Ralph Emery, a radio and TV personality whose steady voice and buttoned-up likeness were synonymous with country music, has died. According to a statement from his family, Emery died Saturday at a Nashville hospital. He was 88.
Along with being a DJ at Nashville radio stations like WSIX and the legendary WSM, the home of the Grand Ole Opry, Emery became the face of The Nashville Network (TNN). From 1983 until 1993, he hosted the cable channel’s primetime talk show Nashville Now, interviewing legends of the genre: Waylon Jennings, Chet Atkins, John Prine, Keith Whitley, Jerry Lee Lewis, Crystal Gayle, and Barbara Mandrell all sat across from Emery’s desk.
While country music was the bedrock of the series, rock singers, adult-contemporary crooners, and politicians also made appearances. Neil Young and Waylon Jennings sat for an interview and performance in 1984, Grand Funk Railroad’s Mark Farner sang “I’m Your Captain” in 1989, and Wayne Newton paid tribute to Elvis Presley in a melodramatic 1992 performance. Most notably, a month before the 1992 presidential election, Emery interviewed candidate Bill Clinton and Hillary Clinton, along with Al Gore and Tipper Gore, peppering them with questions about jobs and, for Gore, the health of the planet. The Democratic ticket would win the White House a few weeks later.
Emery was a Tennessee native, born March 10, 1933, in the town of McEwen, about an hour west of Nashville. He began his radio career in 1951, working for a spell at WTPR in Paris, Tennessee, before relocating to Nashville. He landed at WSM in 1957 and stayed at the home of the Opry until 1972. Along the way, he began to make inroads into television, launching his on-camera career in earnest in 1963 with the local show Opry Almanac. The series Sixteenth Avenue and The Ralph Emery Show followed.

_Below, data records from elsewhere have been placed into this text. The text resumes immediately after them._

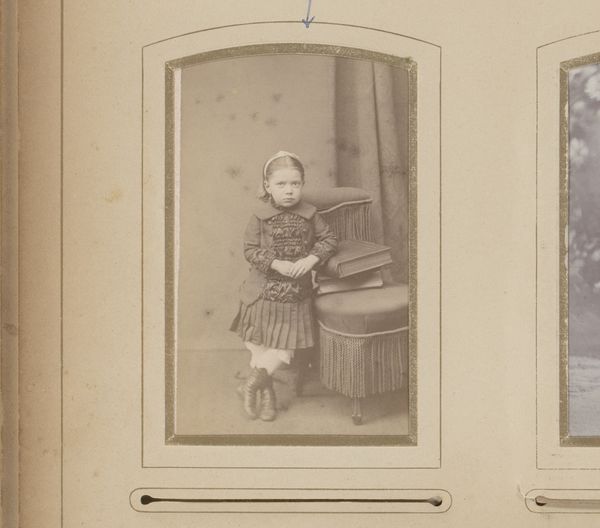 Editor: Here we have "Portret van Emma Posh," a photograph taken sometime between 1861 and 1890 by Albert Greiner, currently held at the Rijksmuseum. Looking at it, I’m struck by the young girl's very formal posture, and I wonder, what do you see in this piece beyond just a historical portrait? Curator: It's more than just a record of appearance, isn't it? Think about photography’s rise coinciding with shifting societal expectations. This controlled environment—the girl's pose, the meticulously arranged furniture—speaks to a rising Victorian ideal of domesticity and female virtue. Can we read it as an example of power dynamics in gender? Editor: That’s an interesting take. I hadn't considered how constructed the image is. Is that what those curtains in the background signal? Curator: Precisely! Those elements weren’t arbitrarily selected; they signify a curated identity meant for public consumption. Now, who has access to that kind of curated self? Who is allowed to create their own identity? Do you see anything in her face that shows the discomfort with that social demand? Editor: I think I do... Her slightly tense posture now seems more telling, as though she were pushing against those constrictions. I'm glad I now can look at this piece and ask those questions of access and the tension it creates for those involved. Curator: Absolutely. By questioning these historical power structures, we can understand how visual representations impact contemporary issues of identity and representation today. Thank you for this enlightening conversation!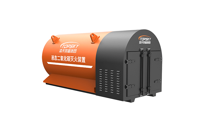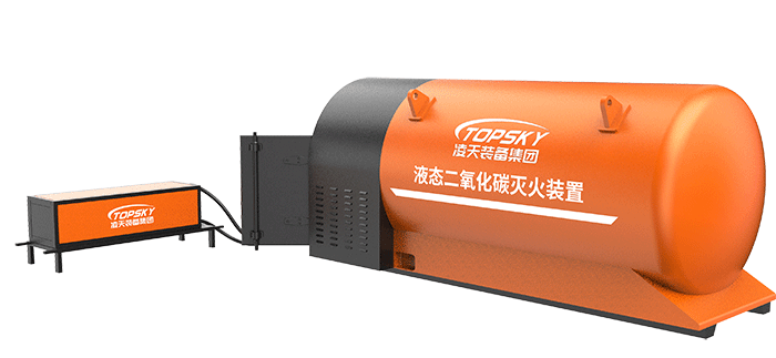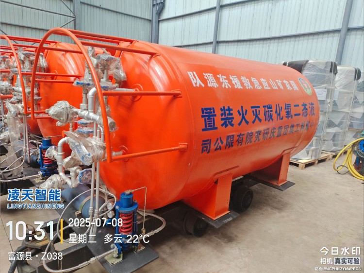 液態(tài)二氧化碳滅火裝置,采用平板車為運(yùn)載平臺,搭載液態(tài)二氧化碳滅火模塊,采用液態(tài)二氧化碳為滅火劑,運(yùn)輸至井下火區(qū)近附,經(jīng)自增壓調(diào)控系統(tǒng)實現(xiàn)罐內(nèi)穩(wěn)壓,并通過遠(yuǎn)距離輸送管路將液體從罐內(nèi)向密閉火區(qū)噴射,利用其急速膨脹氣化和吸熱效率高的物理特性,可實現(xiàn)惰性降氧,吸熱降溫,吸附阻化等功能,從而可快速進(jìn)行井下煤層自燃火災(zāi)的預(yù)防與撲滅等。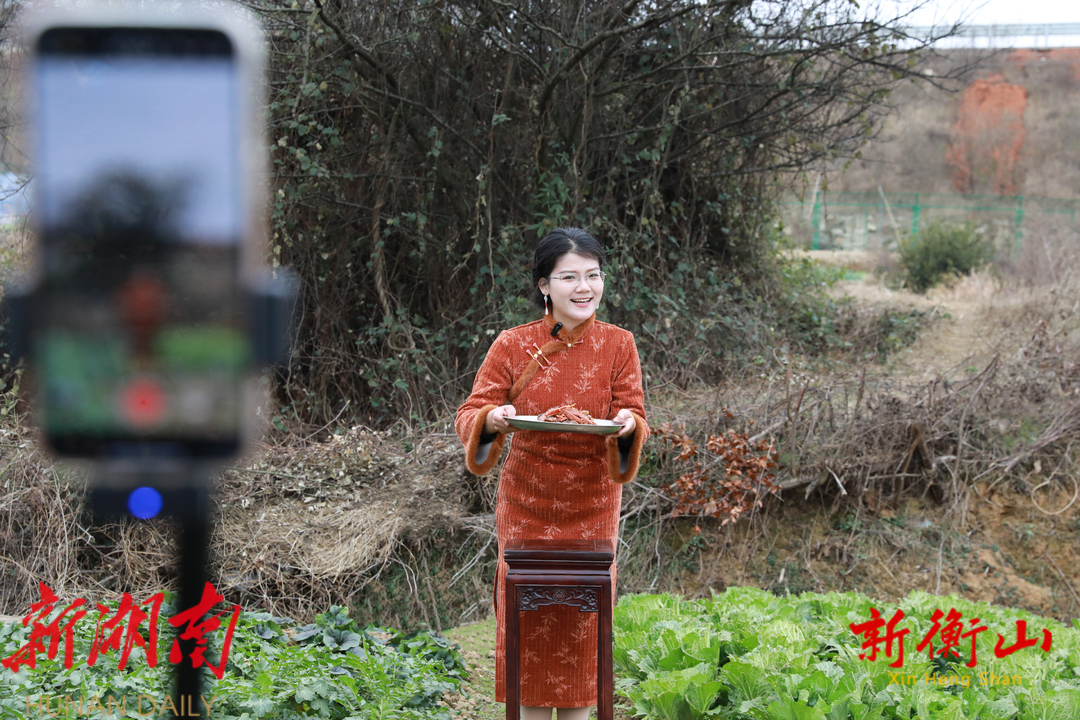 (喻文晗正在拍摄衡山风味土特产推介视频)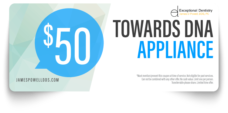 The good news is, though, that Dr. James D. Powell has a solution to help you fight the symptoms of sleep apnea – the Daytime-Nighttime Appliance (DNA Appliance®).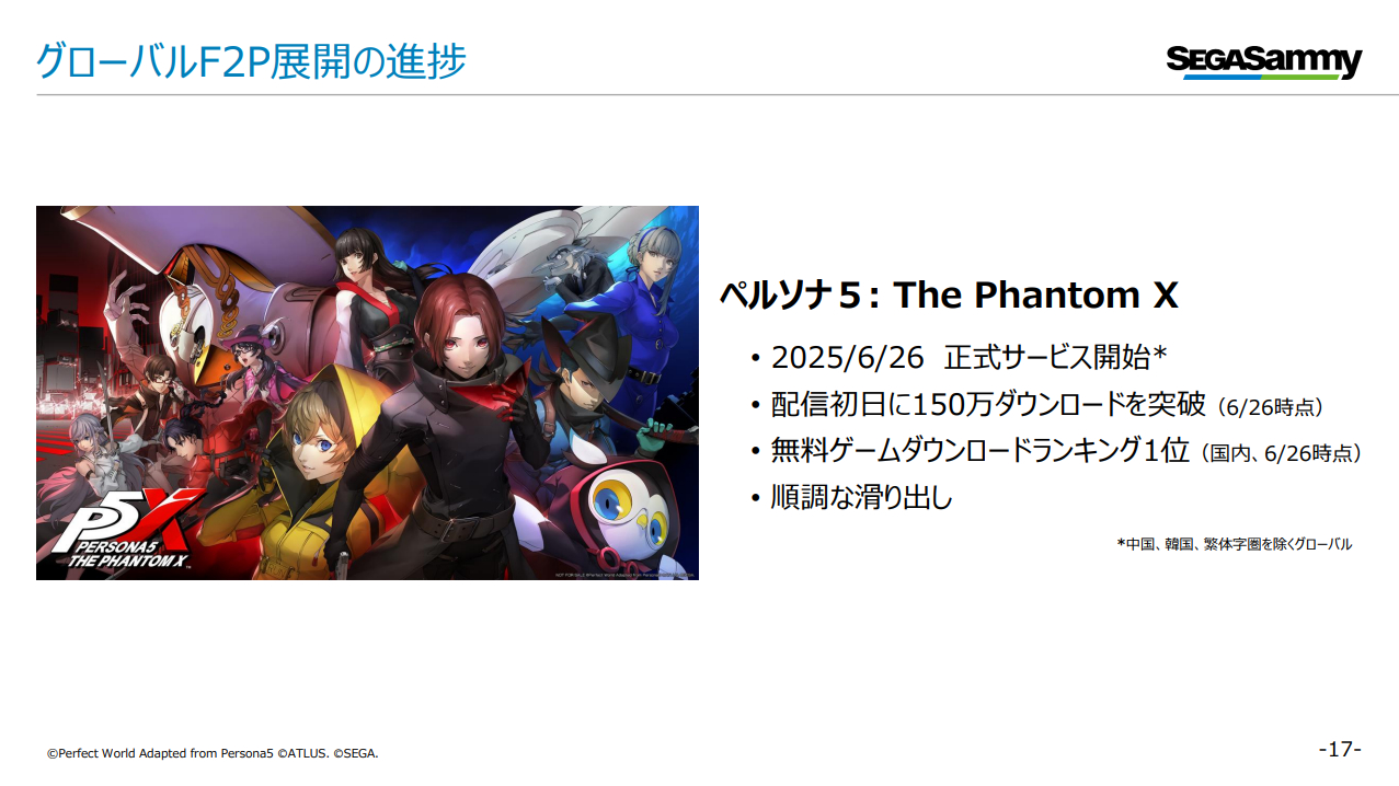 同社では、グローバル市場向けF2Pタイトルの新作『ペルソナ5: The Phantom X』が6月26日に正式サービスを開始し、順調なスタートを切った、としている。既存タイトルも想定内で推移したとのこと。

During an appearance by Johnny Cash on his eponymous Ralph Emery Show, he measuredly asked the country singer about the burning of the U.S. flag. “John, how do you feel about burning the flag?” he asked. “Do you feel we should have a law against burning the flag — an amendment if you will?” “Yeah, I do,” Cash replied somberly, going on to share a personal story of a visit to Vietnam in 1969.
But while Emery went on to host other series like Pop Goes the Country and Nashville Alive, it was his decade at Nashville Now that introduced him to fans nationwide.
The broadcaster published his memoir, Memories: The Autobiography of Ralph Emery, in 1991. The next year, during the Clinton/Gore appearance, he ribbed then-Tennessee senator Gore, who was promoting his book Earth in the Balance, about Memories’ 25 weeks on The New York Times bestseller list. “How long were you on there?” Emery quipped. “I just thought I would put the knife in a little bit.”
Emery — known as “The Dean of Country Music Broadcasters” was inducted into the Country Music Hall of Fame in 2007. He joined the National Radio Hall of Fame in 2010.